Joachim Brohm rose to prominence in the early 1980s and was among the first Europeans of his generation to recognise the artistic power of American photographers including William Eggleston, Robert Adams and Stephen Shore. He was also one of the first photographers in Europe to shoot exclusively in colour starting in the late 1970s, connecting the visual possibilities of colour photography with a newly defined “everyday cultural landscape.” At the same time, Brohm’s sequences of photographs show how important the medium and the artist’s archive have become as reflectors of our day-to-day existence, challenging him to keep developing and reviewing them in the light of changes to the reality of our lives.
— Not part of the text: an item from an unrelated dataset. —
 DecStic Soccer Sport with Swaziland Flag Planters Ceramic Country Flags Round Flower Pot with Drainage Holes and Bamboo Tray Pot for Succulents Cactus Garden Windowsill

Culatra (2008 – 2010), forms the main focus of the exhibition. Culatra is a small, scarcely populated Portugese island on the edge of Europe, unspectacular but exotic in many ways, where solid houses sit next to shoddily built shacks. Brohm has created an archive of the island focusing on its inventory – boats, tractors, shacks, backyards, facades and more, many of which are removed from their original function and context. And despite the beautiful white sand and blue skies, the island looks almost deserted, adding to its sense of abandonment and desolation. Brohm’s pictures confront all this with a vantage point that shifts between overview and detail, distance and closeness. They reveal the hidden inner riches of the imagery of the banal.
In his early series Ruhr (1980 – 1983), we see different types of landscapes in the Ruhr region of Germany, an area undergoing huge change during a process of de-industrialization. Brohm turns his gaze on the edges of urban life, where existence tends to have a rural feel, where shopping-centres and small business zones have established themselves. The erratic settlement of the landscape where the cities burst out of their central structure is one of the interests with which Brohm anticipates the discussion of the 'urbanization of the landscape', which only developed around 1990. An elevated camera position is a constant feature in the composition of these pictures, so that we mostly see a larger segment of the landscape stretching out below us. People seem safely at home in it. This familiar, everyday ambience assumes a form of quiet monumentality.
In Ohio (1983-84), made by Brohm during a year long stay as a Fulbright-Scholar in the American city of Columbus, he captures aspects of an urban America not specific to any locale. Both familiarly American (the gas stations, the types of cars, the shops), and unfamiliar (from a car on fire to a deserted drive) Brohm is never trying to show us a documentary representation of reality. Rather these images give us a concept of America at the beginning of Ronald Reagan's presidency depicting the transience of the American dream and the alienation and isolation related to it.
Throughout his career, Brohm’s work has explored the edges of places as he has sought to capture the on-going and perpetual changes happening in society and how they affect both the landscape and the people in it. It is in the hinterlands, the in-between places, where Brohm finds unexpected moments of hidden poetry, where neglect and decay become an expression of society and emphasise the temporary beauty of much that surrounds us.